## WORK TASK:
Make an exact copy, from the records below, of the lines from the line containing "タイヤ館なら、1本から購入できます!!!" to the line containing "spettro dei vari tipi di stelle", both lines included, excluding pictures.

________________________________________

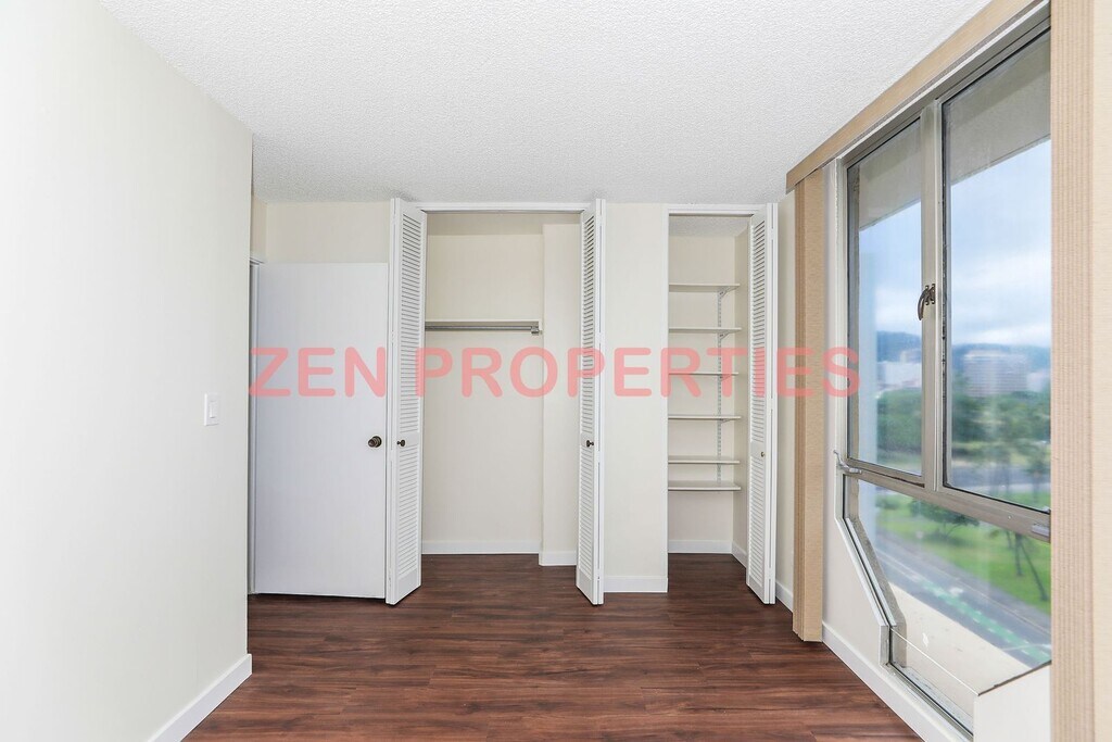 Newly renovated 2 bedroom, 2 bath unit at Royal Court with 1 covered parking stall. Newly painted, with new flooring and new appliances (refrigerator, dishwasher, range/oven, microwave hood, and washer/dryer). A/Cs. 948 sq ft interior + 83 sq ft lanai. Pool. Conveniently located across street from Blaisdell Concert Hall, near Thomas Square, Honolulu Museum of Art, Straub Hospital, Queens Medical Center. Near bus line. Rent includes water/sewer only. Tenant pays electric, cable, internet, and phone service. Security deposit is one month's rent. Long term ONLY. 1 year minimum. No subleasing. No pets. No smoking. No vaping. RENTER'S INSURANCE is required. Proof of coverage must be provided prior to move in. The first month's rent will be pro-rated from the day you move in. Thereafter, all rents are due the 1st of each month. Your security deposit and 1st month's rent payment is due in full prior to check in and must be made online through our Tenant Portal. 3D FLOOR PLAN: (To navigate: tap or click on a room to zoom in, and swipe, or use your mouse or arrow keys.) SLIDE SHOW: Prior to scheduling an in person showing, please review all provided information including all photos and virtual tours at There is a non-refundable application fee. All adults who will be residing in the unit must submit an application. Any Co-signor or Guarantor must submit an application. A photo id must also be provided as proof of identification. When contacting us please specify the rental unit in which you're interested. Zen Properties, Inc. RB-17955
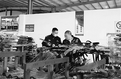 本报讯 近日,龙泉市公安局民警走进辖区郑氏刀剑有限公司,向企业员工了解刀剑登记备案系统使用情况,并对“一刀一码”情况进行检查。
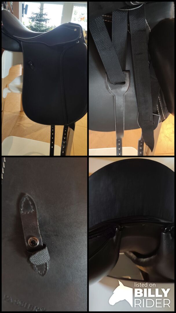 Passier Dressage Saddle Compact Comfort Seat size 2 - For sale as good as new, little used dressage saddle by Passier in seat size 2. It has only been on the horse a few times as we unfortunately no longer have it. The saddle is a custom-made saddle. The seams and seat piping are in champagne, a large large Swarovski topaz stone on the stirrup strap loop. The saddle has split panels for a continuous spinal canal at the rear (also very good for kissing spines) The rear panel wedge is raised for an extra deep seat. The front panel wedge is for greater support and protection of the trapezius. The saddle is in its original factory condition and did not need to be adjusted due to the short period of use. This saddle is a dream for horse and rider! Chamber width 27.5. Original price 4290 Euro.
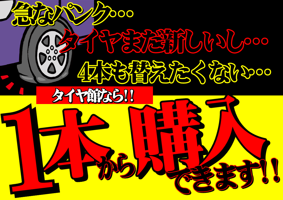 タイヤ館なら、1本から購入できます!!!
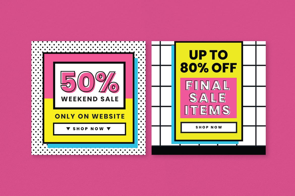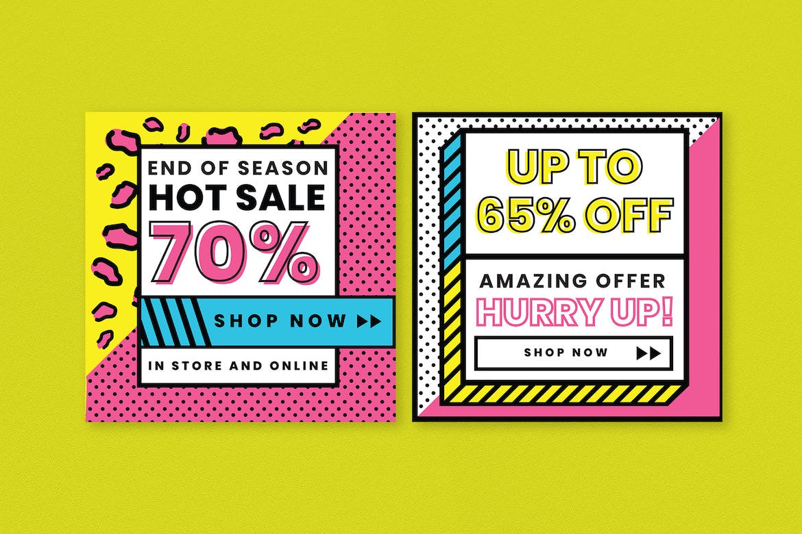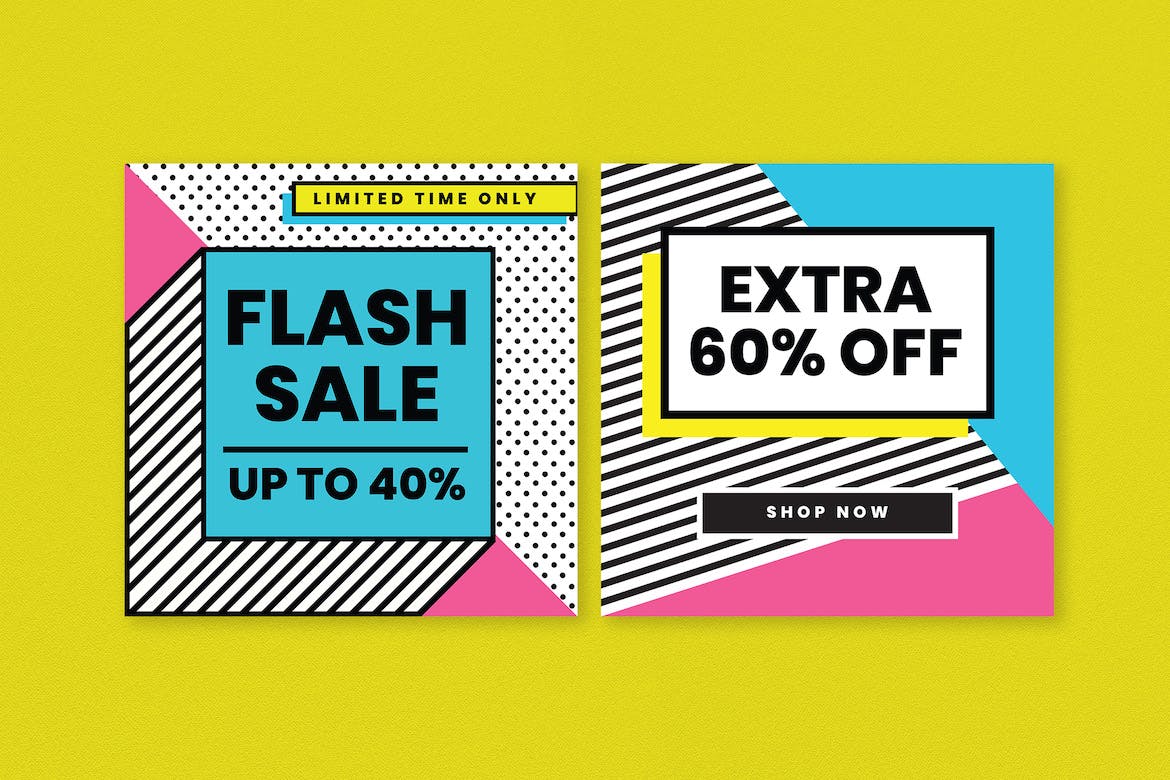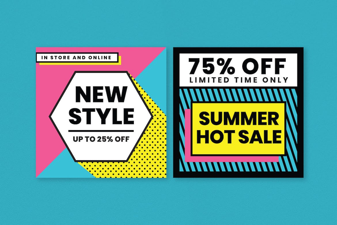 这次老不湿分享的是,时尚高端90年代复古孟菲斯风格banner海报设计模板集合-AI,PSD,完全可定制和可编辑的Ai&‌ PSD模板。文本,图像和图形位于单独的层上。
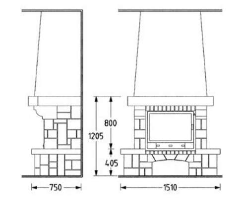 Цена указана за камин в стандартном исполнении (см. чертеж) из указанных материалов без топки.
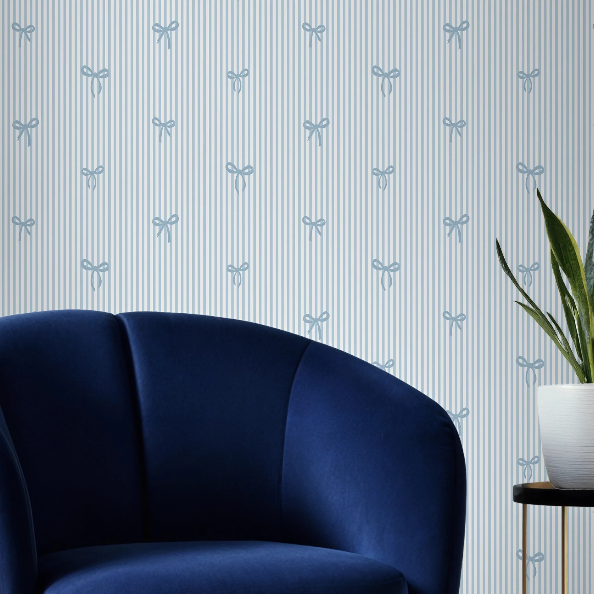 Delicate Bows on Pinstripe Wallpaper in Blue
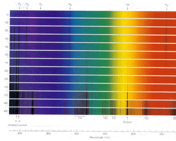 spettro dei vari tipi di stelle
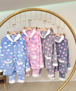 A super-soft women’s mohair pyjama set with a cozy zipper hoodie and matching pants. Designed with a cute cloud pattern for a warm and relaxed winter feel. The inner lining is extra fluffy for maximum comfort. Perfect for chilly nights and home relaxation.
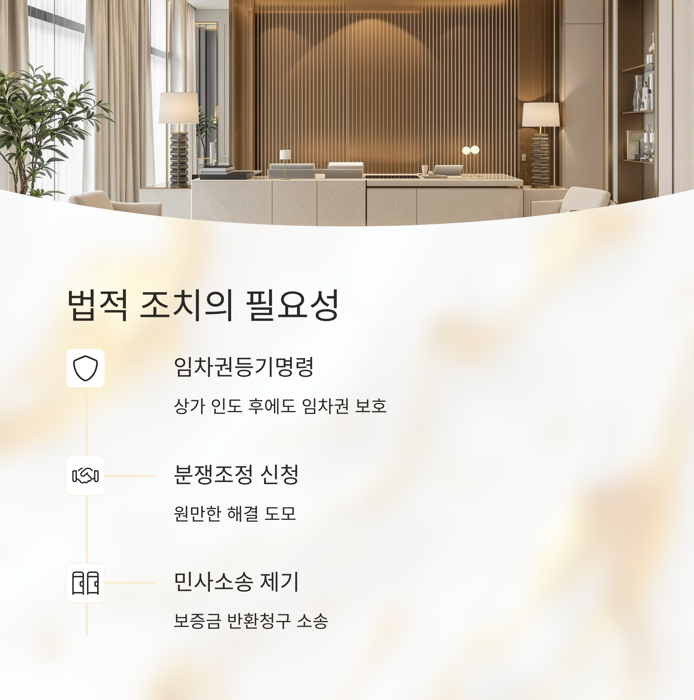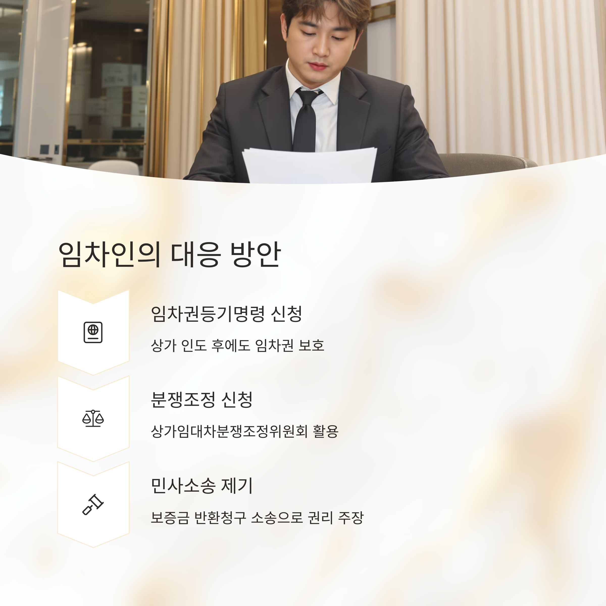 - 임차권등기명령 신청: 보증금 반환을 받지 못한 상태에서 상가를 인도하면 임차권이 소멸될 수 있으므로, 임차권등기명령을 통해 권리를 보호할 수 있다.
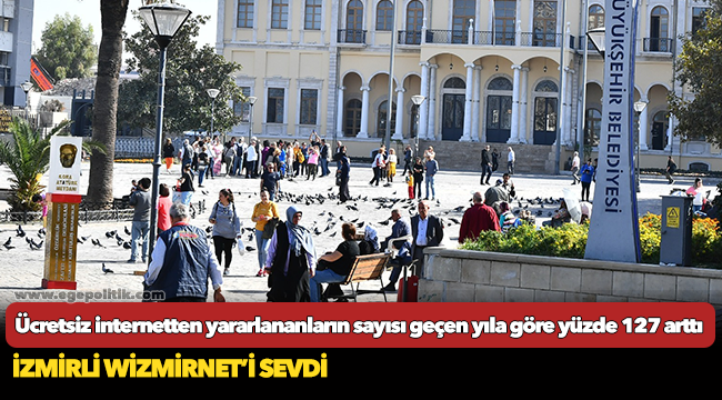 İzmir Büyükşehir Belediyesi'nin Wizmirnet ücretsiz internet hizmeti 430 noktadan verilmeye başlandı. 1 milyon 100 bin metrekarelik alan içerisinde ücretsiz internet hizmeti sunan Büyükşehir Belediyesi, 650 bin kullanıcıya erişti. Kullanıcı sayısında geçen yıla göre yüzde 127 oranında artış yaşanırken, bugüne kadar 16 milyon kez oturum açıldığı belirlendi.

________________________________________

## SOLVED PROBLEM:
 タイヤ館なら、1本から購入できます!!!
 这次老不湿分享的是,时尚高端90年代复古孟菲斯风格banner海报设计模板集合-AI,PSD,完全可定制和可编辑的Ai&‌ PSD模板。文本,图像和图形位于单独的层上。
 Цена указана за камин в стандартном исполнении (см. чертеж) из указанных материалов без топки.
 Delicate Bows on Pinstripe Wallpaper in Blue
 spettro dei vari tipi di stelle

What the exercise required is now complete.